Extracted records:

%%

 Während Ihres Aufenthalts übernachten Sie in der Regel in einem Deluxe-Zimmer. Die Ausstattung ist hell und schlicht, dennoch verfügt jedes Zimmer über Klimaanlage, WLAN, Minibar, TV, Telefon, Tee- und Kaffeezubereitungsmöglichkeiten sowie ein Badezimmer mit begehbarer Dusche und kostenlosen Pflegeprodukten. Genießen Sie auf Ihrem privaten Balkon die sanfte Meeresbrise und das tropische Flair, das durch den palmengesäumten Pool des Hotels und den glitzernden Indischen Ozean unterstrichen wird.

%%
%%

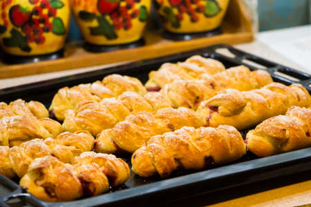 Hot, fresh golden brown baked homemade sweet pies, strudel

%%
%%

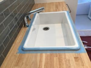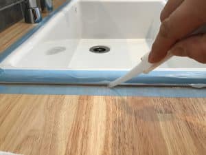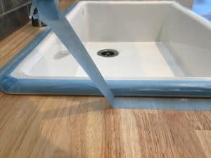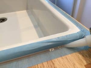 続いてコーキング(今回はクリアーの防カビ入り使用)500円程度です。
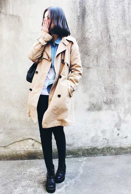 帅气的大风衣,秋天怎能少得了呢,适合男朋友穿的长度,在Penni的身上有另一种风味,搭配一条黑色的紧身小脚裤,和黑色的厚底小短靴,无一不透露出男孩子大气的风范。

%%

The task: Whatever pictures the records hold, omit them; give again exactly the lines from the one containing "続いてコーキング(今回はクリアーの防カビ入り使用)500円程度です。" through the one containing "帅气的大风衣,秋天怎能少得了".

Finished task:
 続いてコーキング(今回はクリアーの防カビ入り使用)500円程度です。
 帅气的大风衣,秋天怎能少得了呢,适合男朋友穿的长度,在Penni的身上有另一种风味,搭配一条黑色的紧身小脚裤,和黑色的厚底小短靴,无一不透露出男孩子大气的风范。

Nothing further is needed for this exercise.